Every year, on May 17, World Hypertension Day is observed in order to educate the public and create awareness of high blood pressure (BP) or hypertension which has no symptoms or warning signs. The HEALTH PIONEER reports
An alarming one in four Indian adults has high blood pressure. Known medically as hypertension, many people don't even know they have it, because high blood pressure has no symptoms or warning signs.
“But only about 10 per cent of them have their blood pressure under control,” according to a report by the India Hypertension Control Initiative. Releasing the report, the Indian Council of Medical Research Director-General, Dr. Balram Bhargava, emphasized making hypertension a national priority.
Prashant Mathur, director of ICMR’s National Centre for Disease Informatics and Research, Bengaluru, and corresponding author of the study chips in that “recognizing the low awareness and high rates of drop-outs between the diagnosis of hypertension, its treatment and control calls for better planning of providing a continuum of care for high blood pressure.”
For both women and men, the prevalence increases sharply with age. The increase is for all categories of hypertension, including pre-hypertension, for both sexes. About one-fourth of women and men aged 40-49 have hypertension, says the study.
The recent National Family Health Survey 5 (NFHS-5) too presents an alarming picture of chronic disease. It shows that when it comes to treatment, only 7 per cent of women and 6 per cent of men who have been diagnosed with high blood pressure are on medication.
The survey also found that 33 per cent of women and 46 per cent of men have never got their blood pressures measured. Based on the blood pressure measurement, the NFHS-5 found 21 per cent of women and 24 per cent of men are having hypertension marked by a blood pressure measurement of 140/90 or above.

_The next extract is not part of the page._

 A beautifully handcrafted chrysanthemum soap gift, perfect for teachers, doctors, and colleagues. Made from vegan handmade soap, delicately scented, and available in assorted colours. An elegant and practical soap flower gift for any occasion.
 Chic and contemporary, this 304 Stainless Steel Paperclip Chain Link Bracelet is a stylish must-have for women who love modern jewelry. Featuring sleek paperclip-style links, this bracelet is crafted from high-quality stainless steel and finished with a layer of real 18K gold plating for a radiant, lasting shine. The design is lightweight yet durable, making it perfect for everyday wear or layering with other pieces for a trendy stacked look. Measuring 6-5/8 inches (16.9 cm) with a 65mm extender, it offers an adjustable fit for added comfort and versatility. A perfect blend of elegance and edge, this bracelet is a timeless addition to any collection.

When elevated blood pressure is accompanied by abnormal cholesterol and blood sugar levels, the damage to your arteries, kidneys, and heart accelerates exponentially. According to a study presented at the American Stroke Association’s International Stroke Conference recently, hypertensive young people between the ages of 20 to 40 could experience brain problems in their midlife.

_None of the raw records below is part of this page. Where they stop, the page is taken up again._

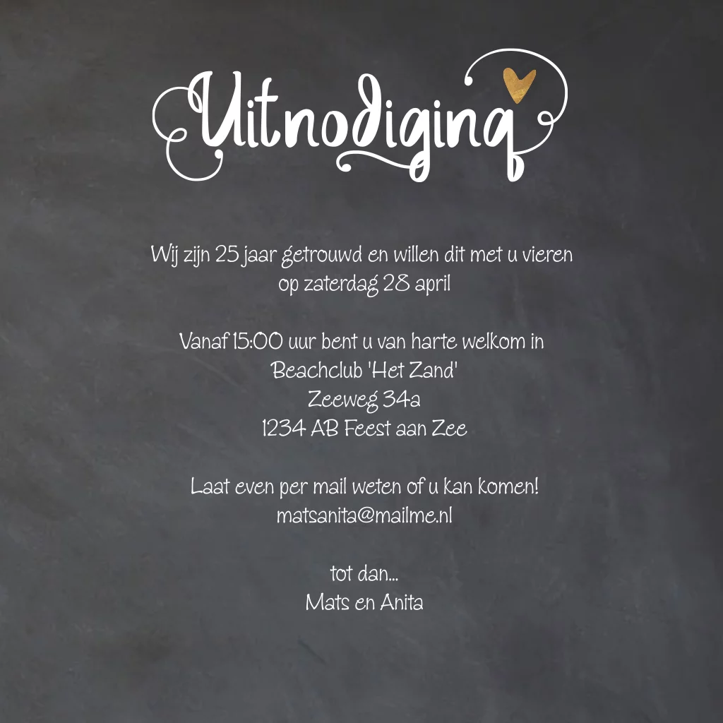 Eerdaags jullie 25 jarig huwelijks jubileum feest geven? Mooie uitnodiging met krijtbord print en hand lettering.
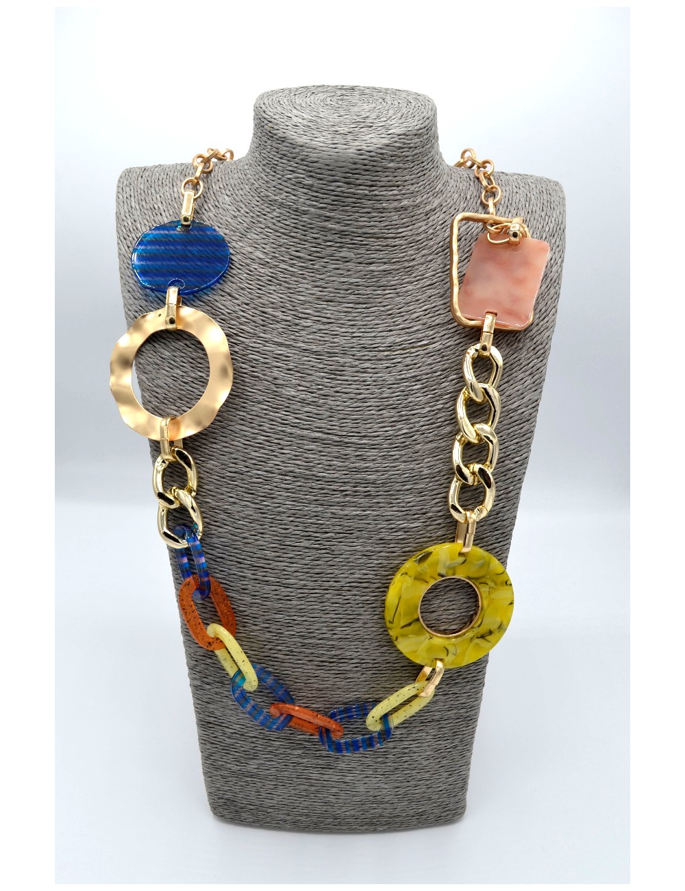 Un sautoir omnicolore, léger de 116 g, il est caractérisé par sa facilité à s’harmoniser aux différentes tenues.
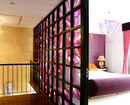 案例中,樓梯間與臥室相鄰,因?yàn)闃翘蓍g沒有窗戶,因此采光受到了很大影響。將原有的臥室墻面改造成一面玻璃隔斷,這個(gè)問題便迎刃而解了。紫色花紋的玻璃隔斷不僅與臥室主色調(diào)相一致,并且將臥室窗外的光線“引進(jìn)”到了樓梯間,讓此處的采光效果得到了極大改善。
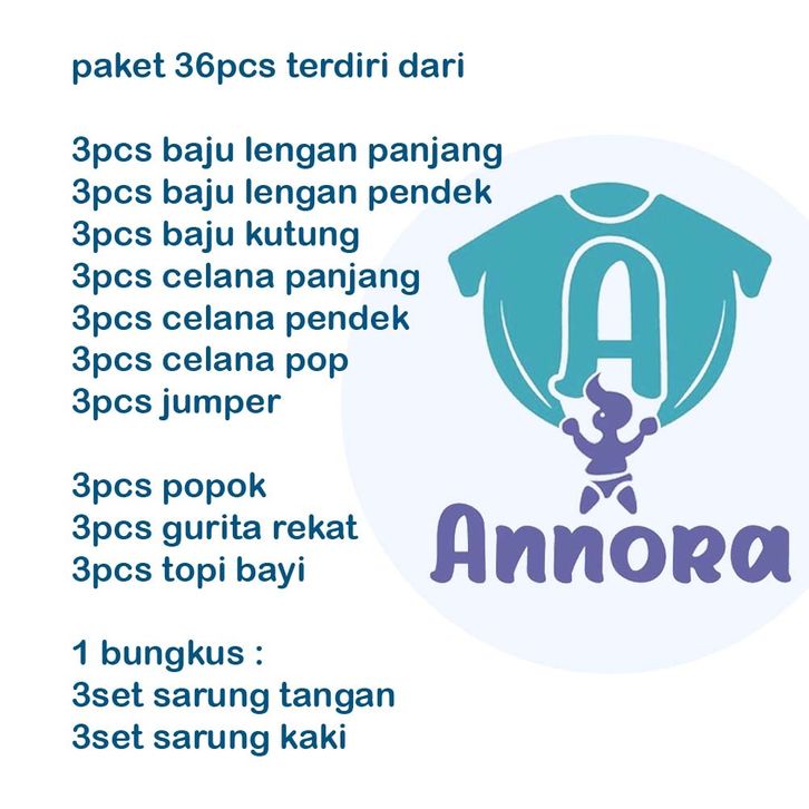 ANNORA - Paket Lahiran Lengkap 36pcs Perlengkapan Bayi Baru Lahir Newborn Seri Polos Mix
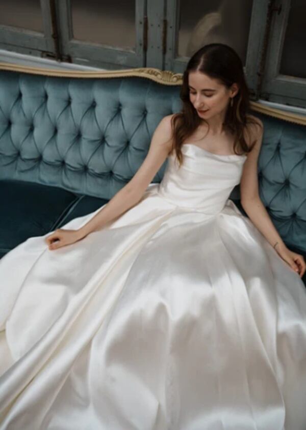 ミカド風の重厚感のあるサテン生地を使用したドレス。
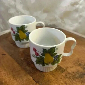 Vintage Floral and Fruit Mugs - Japan Excellent condition. Measurements: 3.75” wide (including handle) x 3.25” tall
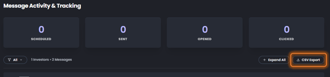 In addition to the above, the Message Activity dashboard now includes a filter option, allowing you to narrow down the list of investors/messages by status and engagement type. Specifically, you can filter by:

Last year, the World Health Organisation modified its blood pressure control guideline, suggesting that a systolic pressure of 130 should be the threshold to start medication in people with a history of heart complications or other risk factors whereas for others such a threshold would be 140/90.
Fortunately, high blood pressure is easy to detect and treat. Blood Pressure can be kept under control in a healthy range simply by making lifestyle changes, such as losing weight, increasing activity, and eating more healthfully, say doctors.
Ishwar V. Basavaraddi, Director of Morarji Desai National Institute of Yoga (MDNIY) tells you, “We have a range of yoga asanas, pranayama, and meditation that help to open up the chest cavity, improve lung capacity, and increase cardiopulmonary function, which leads to maintaining physical activity for longer.” According to him, some of the Yoga asanas that can help in beating high blood pressure are: Tadasana without heel raise/ Katicakrasana/ Ushtrasana/Gomukhasana/ Uttanmandukasana/ Bhujangasana/ Ardha halasana/ Shavasana / Yoga Nidra/Abdominal Breathing (30 times)/ Nadi shodhan pranayama/ Sitali pranayama/ Bhramari pranayama and Dhyana.